Question

What is the bond enthalpy of $Xe - F$ bond?
$Xe{F_4} \to X{e^ + }(g) + {F^ - }(g) + {F_2}(g) + F(g);{\text{ }}\Delta {H_r} = 292kcal/mol$
Given: Ionization for Xe $ = 279kcal/mol$ , $B.{E_{(F - F)}} = 38kcal/mol$ , Electron Affinity of F $ = 85kcal/mol$
A) 24 kcal/mol
B) 34 kcal/mol
C) 8.5 kcal/mol
D) None of these

Answer 1

Hint: The enthalpy for a reaction is denoted by ${\Delta _r}H$ and is given as the difference of enthalpies between product and reactants. The standard molar enthalpies can be given as ${\Delta _r}{H^0}$ . The heat that is absorbed or released by the reaction is known as it’s enthalpy.

Complete answer:
In the given question the ${\Delta _r}H$ is already given. The ${\Delta _r}H$ would be equal to the total or sum of all the enthalpies of the reaction taking place in the process.
The sub-reactions that are occurring are:
Breaking of the Xe-F bond denoted by ${e_{Xe - F}}$ . Since there are 4 Xe-F bonds we will multiply ${e_{Xe - F}}$ by four.
Conversion of $Xe \to X{e^ + };I{E_1}(Xe) = 279kcal/mol$
Conversion of $F \to {F^ - };E{A_1}({F_2}) = - 85kcal/mol$ (since the electron gain enthalpy is always negative)
We have been given the bond breaking energy of fluorine $B.{E_{(F - F)}} = 38kcal/mol$ , but in the given reaction the bond is forming between the two Fluorine atoms.

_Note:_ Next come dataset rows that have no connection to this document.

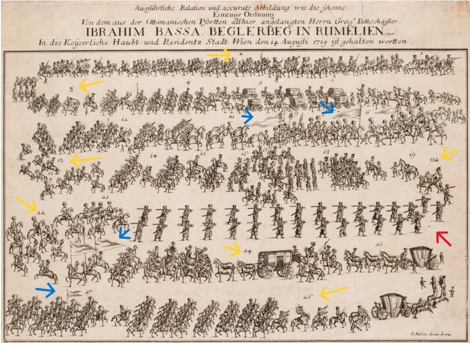
Görsel 3. Silahdar İbrahim Paşa’nın 1719’da Viyana’ya Alayla Girişi ( Wien Museum, Inv.-Nr. 41207 )

eser de bırakamamıştır. 18 Hâl böyle olsa da, bu az sayıdaki eserlerden birisi, Osmanlı diplomasi tarihiyle yakından alakalı bir çalışmaya tesadüf etmiş ve bizim de kendisini zikretmemize vesile olmuştur. Silahdar İbrahim Paşa hakkında 50 x 39,5 cm ebatlarında, yine numaralandırılmış heyet mensupları (sarı okla gösterilmiştir) ve – hacim bakımından geniş yer tutacak olması ve makalenin asıl odağında olmamasından ötürü bu kısma yer vermediğimiz – ilgili açıklamalara sahip bu gravürün başlığı şu şekildedir: “Bâbiâli’den Buraya İntikal Etmiş Olan Sayın Büyük Elçi Rumeli Beylerbeyi İbrahim Paşa’nın Kayzerî Baş- ve İkamet Şehri Viyana’ya 14 Ağustos 1719’da Duhul Eden Tören Alayının Detaylı Açıklamaları ve Sahih Tasviri.” 19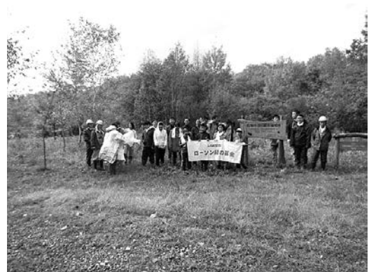
郷土樹種の再生をめざして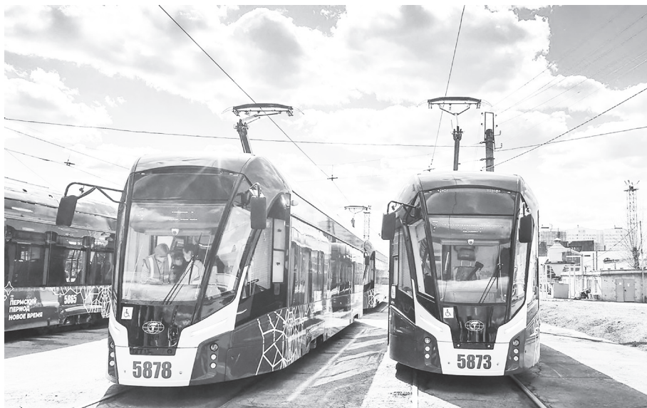
С конца прошлого года «Львята» питерского производства успешно эксплуатируются на улицах нашего соседа по Приволжскому федеральному округу - Перми.

«Мы уже начали производство, сроки выполнения контракта достаточно сжатые, но нам не привыкать работать в таком режиме, - комментирует пре-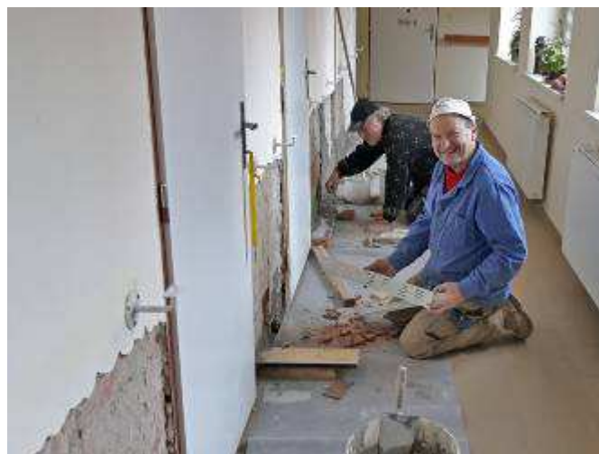
Oprava omítek na chodbě v DPS Lubná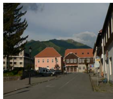
Projektna kancelarija u Kolašinu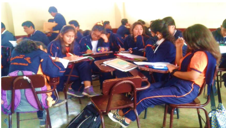
Nota: Aplicación de la encuesta a los estudiantes del quinto año "D" de secundaria del colegio Gustavo Ríos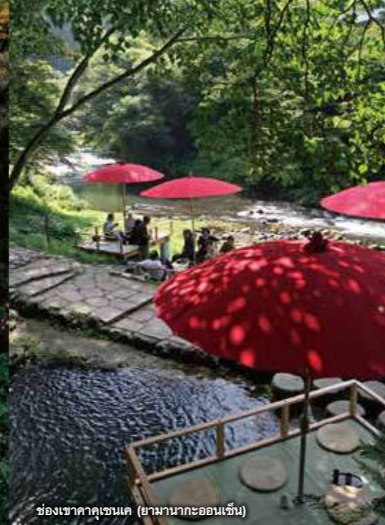
ช่องเขาคุคาคุเซนเค (ยามานากะออนเซ็น)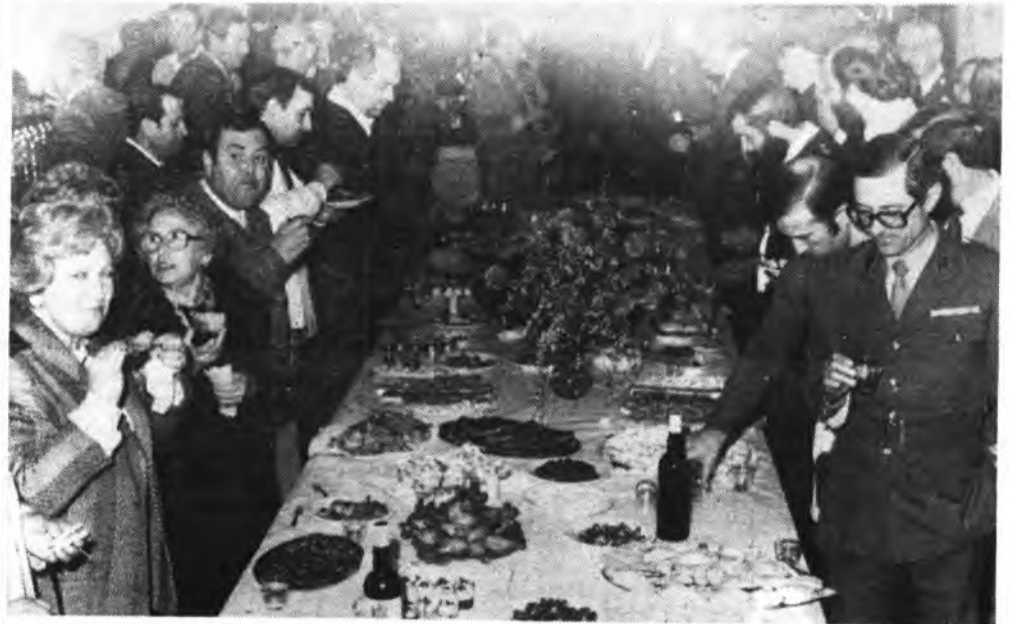
Detalle de la fiesta de la Policía Municipal.

El pasado sábado la Policía Municipal inquense, celebró su fiesta patronal en honor de su patrono "Santo Angel Custodio". Para esta celebración contó con la colaboración del Ayuntamiento inquense.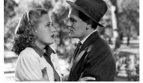
1939 FILLES COURAGEUSES (Daughters courageous) de Michael Curtiz avec Lola Lane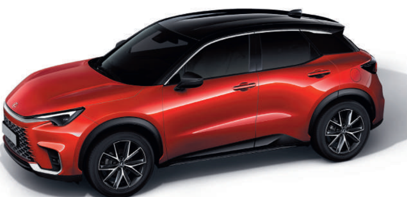
2TB Рубіновий/Чорний дах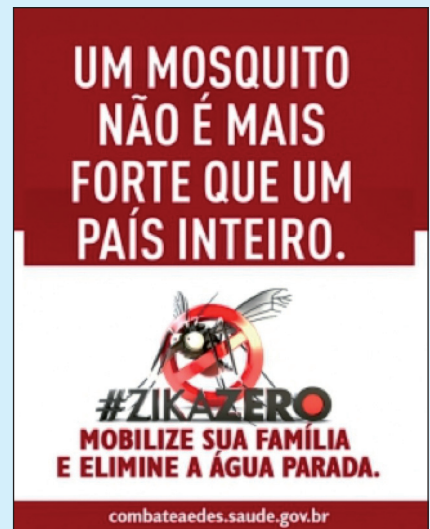
Figura 2. "Una zanzara non può essere più forte di un Paese intero". Manifesto del Governo Brasiliano, 2015.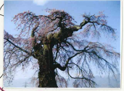
くすくぼ 葛窪しだれ桜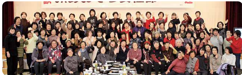
認知症サポーターキャラバン隊になった女性部員

午後からの交流会ではカラオケやダンス、お楽しみ抽選会などを行い、部員同士の交流を深め、楽しいひと時を過ごしました。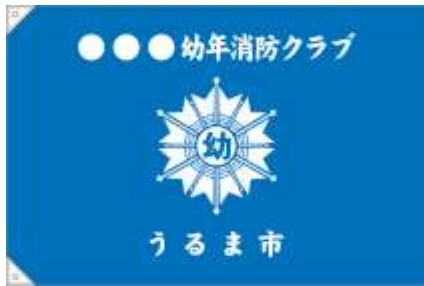
「幼年消防クラブ旗」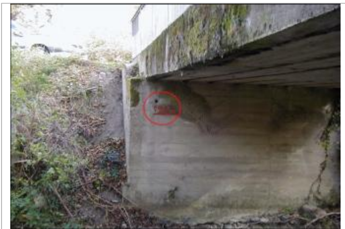
culée gauche intérieure - amont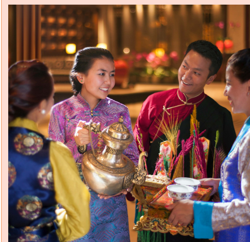
【超 5 星香格裏拉酒店】 www.shangri-la.com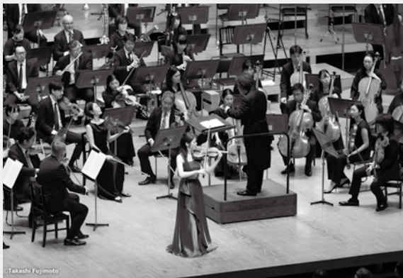
第164回定期演奏会 指揮:飯森範親 ヴァイオリン:高木凜々子

ラヴェル、サン＝サーンス、ドビュシーの不朽の作品からフランス音楽の神髄に迫った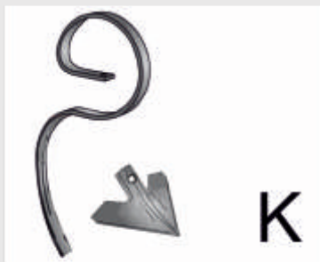
Ελατήριο S ύψος 53εκ.ατ. 200χιλ. μαχαίρι

Το βάθος εργασίας των Ελατηρίων ρυθμίζεται Υδραυλικά και καθορίζει το βάθος σποράς. Το σύνολο των ελατηρίων καλλιεργεί το έδαφος και ταυτόχρονα ξεριζώνει τα ζιζάνια σε όλο το πλάτος εργασίας.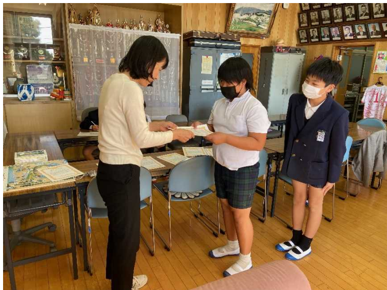
毎月初めに校長室で表彰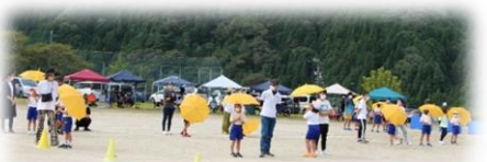
▲ クイズ！幸せの黄色い傘！

今年は、2年ぶりに「川上音頭」が復活し、保護者や卒業生も加わり踊ることができ素晴らしい運動会となりました。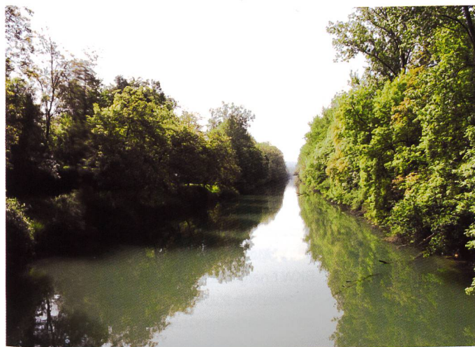
Bild 6. Kallnachkanal vor der Realisierung des Revitalisierungsprojekts.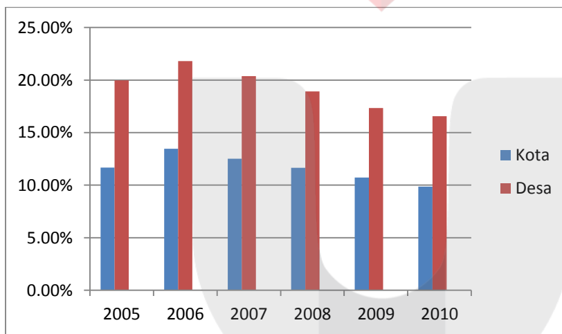
Persentase Penduduk Miskin Indonesia Dari tahun 2005-2011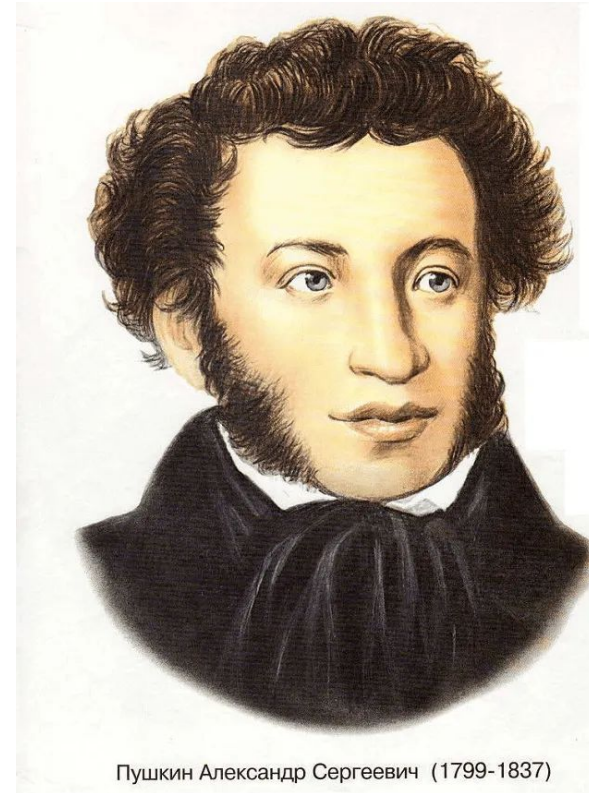
Пушкин Александр Сергеевич (1799-1837)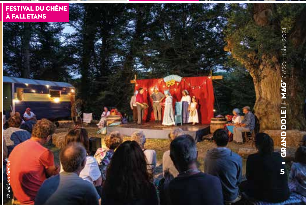
FESTIVAL DU CHÊNE À FALLETANS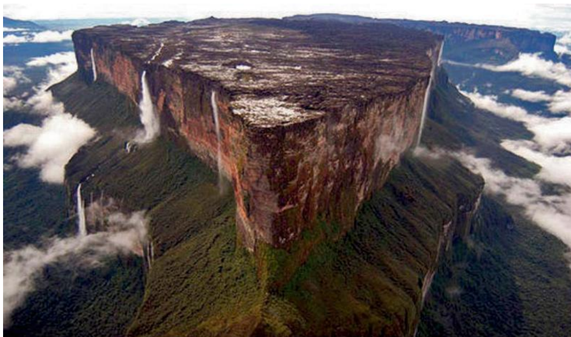
Рисунок 4 Гора Рорайма и водопады с горы

Максимальный поток воды с горы Рорайма равен примерно трестам кубическим метрам в секунду. Для наглядности, например, если всю площадь горы покрыть водой глубиной в один метр, то вся вода стечёт через водопады за одни сутки. Вокруг этих столовых гор растут непроходимые джунгли, на самих горах растут цветы, ни о каких безжизненных скалах не может быть и речи.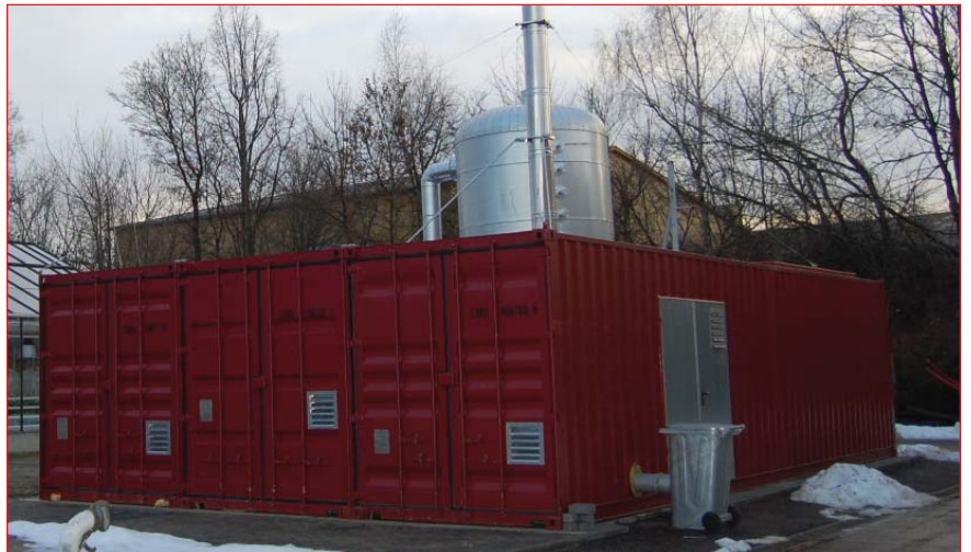
275 kW Komplett-Lösung schlüsselfertig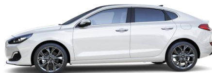
Polar White (PYW) perusväri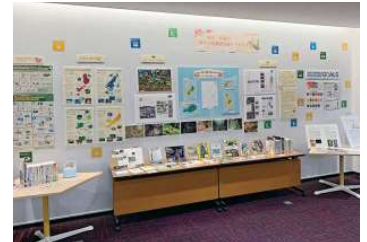
沖縄・奄美の世界自然遺産登録に関する企画展「環境報告書」も展示された。

また、所蔵する資料を様々な角度から紹介することで、図書館資料及び図書館を活用していただけるよう、主な利用者である学生を対象に企画展示をしています。さらに、沖縄関係の資料が充実していることも特徴で、学生・教職員だけでなく、県内外の多くの研究者にも利用されています。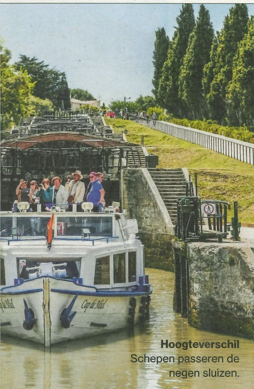
Hoogteverschil Schepen passeren de negen sluizen.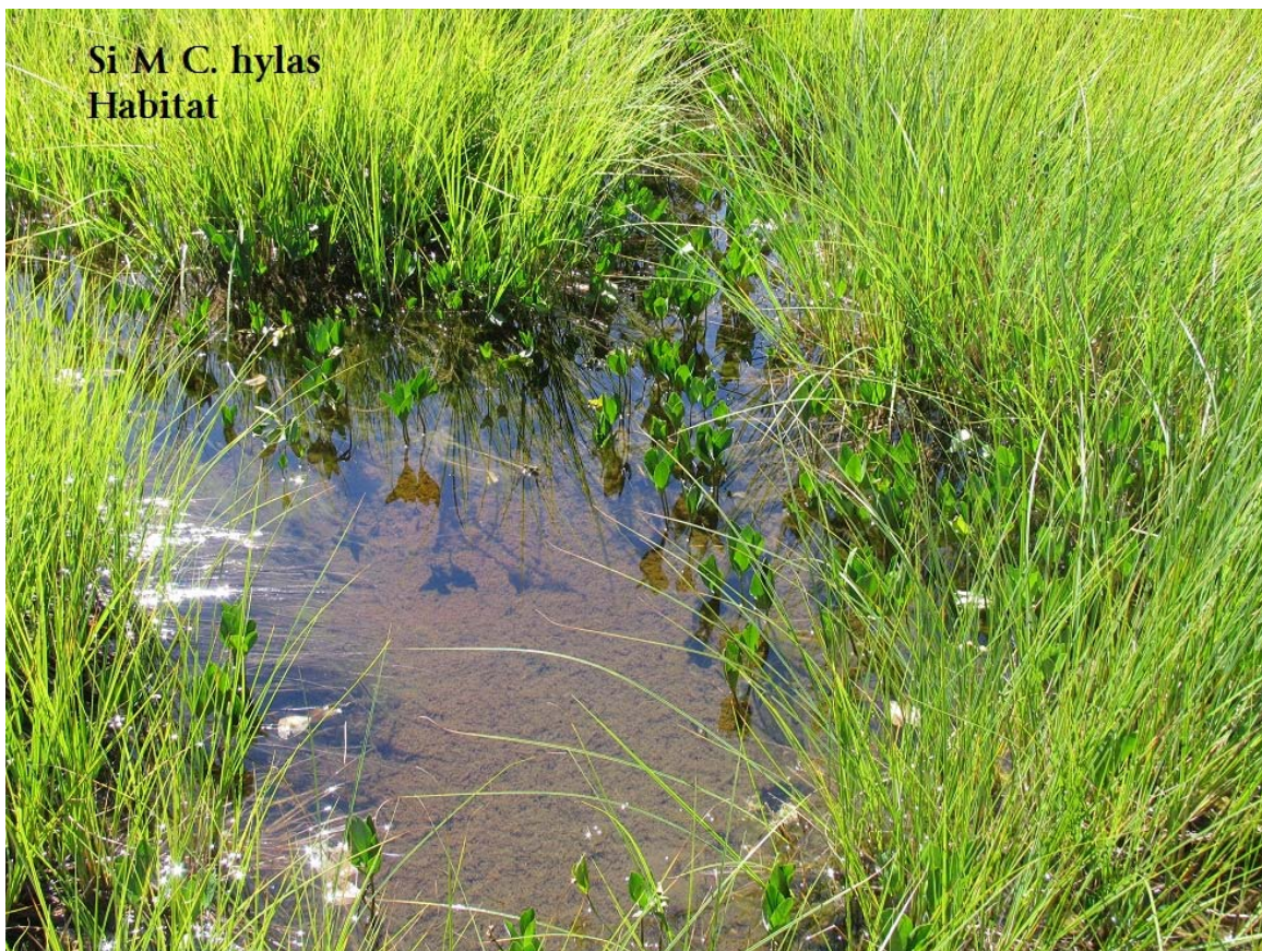
Abb. 9: Moor SE Wallfahrtskirche Habitat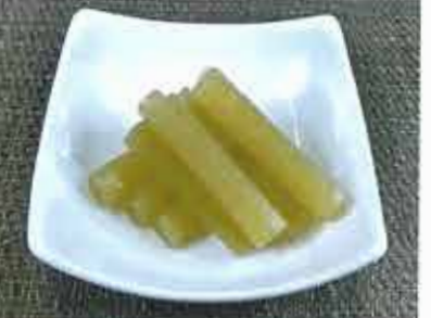
◆ 国産ふきの煮物 休止中 ●100g～ 300円(税込324円)～ 高知・徳島県産のふきを丁寧に炊いた昔ながらの煮物。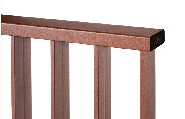
Dettaglio prof. superiore e tappo pvc nero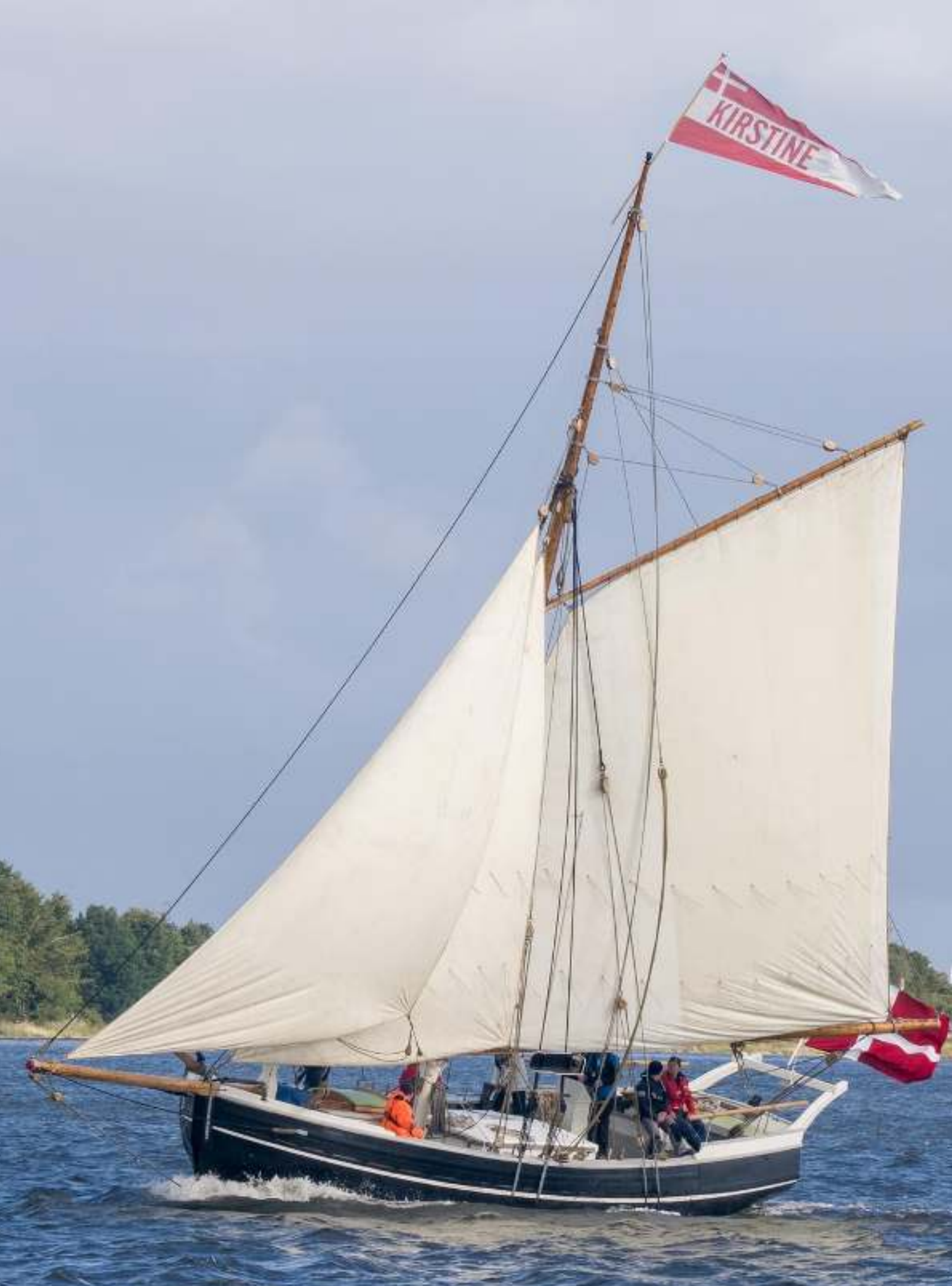
Jagten Kirstine fra 1887 er både i drift og i kyndige hænder på kompetente medarbejdere og dedikerede frivillige.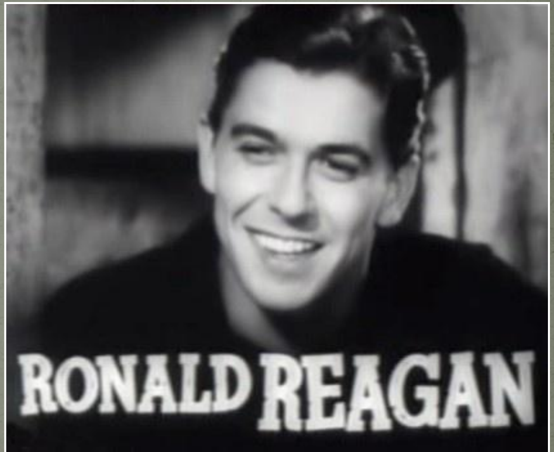
Рейган в фильме Ковбой из Бруклина в 1938 году

Bond forming will be the inverse of Bond Breaking. The reaction can be given as:
$F + F \to {F_2};{e_{{F_2}}} = - 38kcal/mol$
The total enthalpy of the reaction is the sum of all these enthalpies. Mathematically it can be expressed as:
${\Delta _r}H = I{E_1}(Xe) + E{A_1}({F_2}) + {e_{{F_2}}} + 4 \times {e_{Xe - F}}$
Substituting the respective values, we get ${e_{Xe - F}}$ as:
$4 \times {e_{Xe - F}} = {\Delta _r}H - I{E_1}(Xe) - E{A_1}({F_2}) - {e_{{F_2}}}$
${e_{Xe - F}} = \dfrac{{292 - 279 - ( - 85) - ( - 38)}}{4} = 34kcal/mol$

Hence the correct answer is Option (B).

Note:
Remember that electron gain enthalpy is always negative as energy is released for gaining an electron and Ionisation enthalpy is always positive as energy is absorbed with the loss of the electron. For finding the total enthalpies of a reaction always the Hess Law is used, which states that the enthalpy of a reaction is the sum of the enthalpies of the constituent reactions.